Born as Elisabeth Karoline Auguste Wagner on 24 January 1881 in Reval, in what is now Tallinn, Estonia, Elsa Wagner pursued training with Maria Spettini in Saint Petersburg, Russia prior to making her acting debut in Berlin, Germany in 1901. In addition to her performances on tour with multiple theater productions, including Faust and Peer Gynt, she went on to secure roles in more than 140 feature films, including Robert Wiene's Das Cabinet Des Dr. Caligari (The Cabinet of Dr. Caligari) and Karl Heinz Martin's Von Morgens bis Mitternachts (From Morn to Midnight) in 1920, F. W. Murnau's 1922 Das Brennende Acker (The Burning Earth), Gerhard Lamprecht's Die Buddenbrooks and Wiene's I.N.R.I. in 1923, and E. R. Dupont's 1929 Atlantik.

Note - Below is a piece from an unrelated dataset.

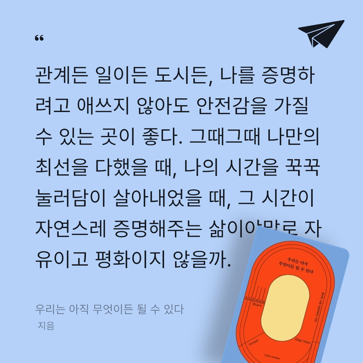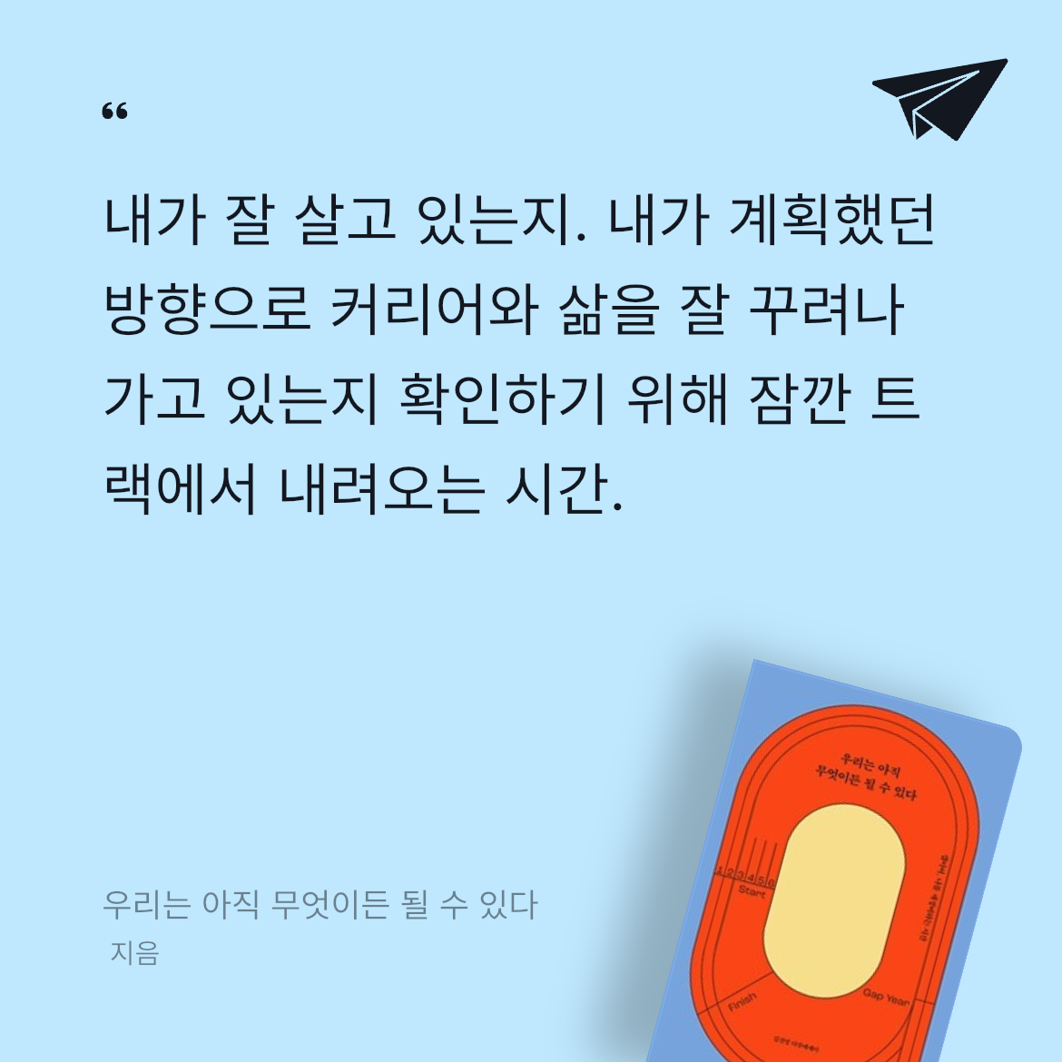 그렇다면 지금 내가 해야 하는 일은 불안과 자책으로 주저앉아 있을 게 아니라, 내가 다시 힘을 내어 달릴 수 있는 삶의 목표를 업데이트하는 일이다. 나를 다시 일으켜 세울 수 있는 답은 오직 내 안에 있다.

Wagner died in Berlin on 17 August 1975 and was interred at the Cemetery Dahlem.

==Selected filmography==

- The Wandering Light (1916)
- The Foreign Prince (1918)
- The Rosentopf Case (1918)
- The Victors (1918)
- The Pied Piper of Hamelin (1918)
- Ruth's Two Husbands (1919)
- Anita Jo (1919)
- The Living Dead (1919)
- The Cabinet of Dr. Caligari (1920)
- Satanas (1920)
- The Night of Queen Isabeau (1920)
- The Marquise of Armiani (1920)
- The Golden Crown (1920)
- Monika Vogelsang (1920)
- The Closed Chain (1920)
- Comrades (1921)
- Wandering Souls (1921)
- Barmaid (1922)
- The Treasure of Gesine Jacobsen (1923)
- I.N.R.I. (1923)
- The Found Bride (1925)
- If Only It Weren't Love (1925)
- A Free People (1925)
- One Minute to Twelve (1925)
- People to Each Other (1926)
- Children of No Importance (1926)
- The Master of Nuremberg (1927)
- The Sporck Battalion (1927)
- The Girl with the Five Zeros (1927)
- Lotte (1928)
- The Old Fritz (1928)
- Violantha (1928)
- Luther (1928)
- The Burning Heart (1929)
- Marriage in Trouble (1929)
- Rustle of Spring (1929)
- Atlantik (1929)
- The Trunks of Mr. O.F. (1931)
- The Song of Life (1931)
- Three from the Unemployment Office (1932)
- The Eleven Schill Officers (1932)
- What Men Know (1933)
- Music in the Blood (1934)
- Hundred Days (1935)
- The Girl Irene (1936)
- Moscow-Shanghai (1936)
- The Divine Jetta (1937)
- Daphne and the Diplomat (1937)
- Ball at the Metropol (1937)
- Capers (1937)
- Unternehmen Michael (1937)
- Dangerous Game (1937)
- Anna Favetti (1938)
- You and I (1938)
- Freight from Baltimore (1938)
- Dance on the Volcano (1938)
- Target in the Clouds (1939)
- Her First Experience (1939)
- The Leghorn Hat (1939)
- Police Report (1939)
- Heimkehr (1941)
- The Waitress Anna (1941)
- A Gust of Wind (1942)
- Front Theatre (1942)
- The Impostor (1944)
- Life Calls (1944)
- A Beautiful Day (1944)
- Tell the Truth (1946)
- And the Heavens Above Us (1947)
- Wozzeck (1947)
- No Place for Love (1947)
- Thank You, I'm Fine (1948)
- Night of the Twelve (1949)
- The Marriage of Figaro (1949)
- Christina (1953)
- Love's Awakening (1953)
- The Stronger Woman (1953)
- Before God and Man (1955)
- La Paloma (1959)
- Crime After School (1959)
- The Haunted Castle (1960)
- Sweetheart of the Gods (1960)
- Emil and the Detectives (1964)
- Our Willi Is the Best (1971)
- The Pedestrian (1973)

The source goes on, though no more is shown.